Виссарион, стоявший у окна и хмуро глядевший за тем, как внизу во дворе милиционер сгоняет со скамейки у жилуправления двоих мужиков, уютно устроившихся с бутылкой и закуской на расстеленной газете, резко обернулся и, увидев плачущую Сонечку, подскочил к ней и обнял за плечи.
– Ну что ты, дорогая, такое говоришь? Всё будет хорошо, вот увидишь. Помурыжат нас с недельку и выяснят, что мы тут ни при чём. Поедем на Чёрное море, меня, кстати, спрашивали, не возьму ли я горящие путёвки в пансионат или санаторий? Вот и отдохнём от всей этой чертовщины.

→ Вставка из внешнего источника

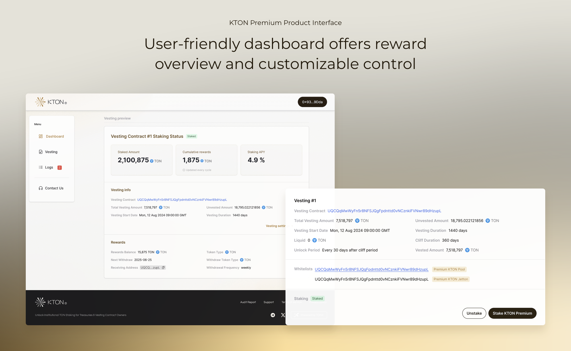- KTON Premium (premium.kton.io), our flagship product, combines security with flexible reward withdrawals and comprehensive analytics for institutional investors, funds, echanges, and TON vesting contracts.

Виссарион уговаривал Сонечку, как ребёнка, недоумевая, как это в одном человеке может сочетаться такая мудрость и бесхитростность, успокаивал, говорил ласковые слова, а у самого в душе росла тревога. Уж он-то знал , что у них в органах, так бысто дела не делаются, и в лучшем случае через полгодика они смогут свободно вздохнуть, и то, если их найдут совершено невиновными. А такого не будет. Раз в них вцепились, пощады не жди. Виноваты они или нет. Всё едино. И он решил, чтобы Сонечка взяла отпуск. Таким образом она избежит кривотолков на работе, а они посидят дома, может быть, съездят на своё северное море в бухту Гертнера или сходят по грибы. Да и жимолость, царская ягода, поспела , и голубика… Наберут – варенья наварят. За этими планами Сонечка успокоилась и даже немного повеселела.

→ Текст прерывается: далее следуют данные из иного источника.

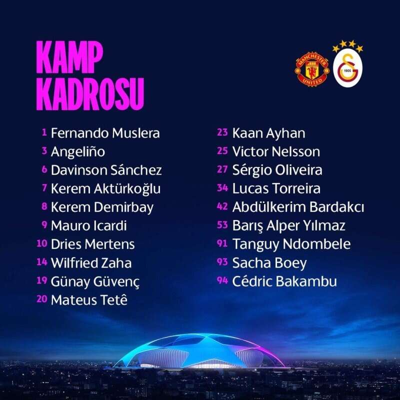 Temsilcimiz Galatasaray, UEFA Şampiyonlar Ligi A Grubu 2. haftasında yarın İngiltere'nin Manchester United ekibiyle deplasmanda yapacağı maçın kamp kadrosu açıklandı.

А назавтра её вновь вызвал Таиров. Он мстил Кудряшову. И каждый раз задавал один и тот же вопрос: “Почему вы не сообщили в органы о том, что Касаевы похитили золото?”

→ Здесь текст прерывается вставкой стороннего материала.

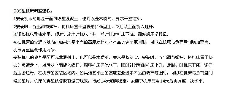 將墊鐵放置機(jī)床下,每個(gè)墊鐵均受力后.再調(diào)整水平。 注:可調(diào)整高度為3-15mm. |
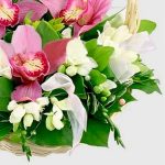 Нежная, трогательная композиция из орхидей цимбидиум и белоснежных фрезий в корзинке. Ансамбль дополнен зеленью и декоративными элементами из лент и бусин. Для самых очаровательных принцесс! Аромат фрезий настолько притягателен, что получательниц не захочет выпускать такую корзинку из рук 🙂 Подарите кучу позитивных эмоций дорогому человеку!

– Но ведь я не знала ни о каком золоте… – недоумённо пожимала плечами Сонечка.
Но на двадцатый раз она уже готова была впасть в истерику: только подходила к кабинету Таирова – её уже начинало колотить. Но следователь каждый день монотонно и занудливо спрашивал: “очему вы не сообщили в органы о том, что Касаевы похитили золото?” – и добавлял: “Сколько они пообещали вам золота или денег?”
Какие тут ягоды-грибы и прогулки на море! Таиров мог вызвать в любую минуту.
Сонечка уже пожалела, что взяла отпуск, думая, что с работы будут не очень-то вызывать. Но она ошиблась. И после отпуска не каждый день, но всё равно часто ей приходилось отпрашиваться в милицию. Начальник отдела да и сотрудники косо поглядывали на неё – кому приятно, чтобы в их коллективе работал человек, подозреваемый в хищении золота. Теперь её не посылали в командировки на золотодобывающие предприятия.
Месяца два такой жизни совершенно изменили обоих – и Сонечку и Виссариона. Оба стали дёрганными, раздражительными и нелюдимыми. Да, между собой теперь общались меньше, потому что каждый разговор сводился к злополучной теме. Они не ругались, но прежнего тепла уже не было.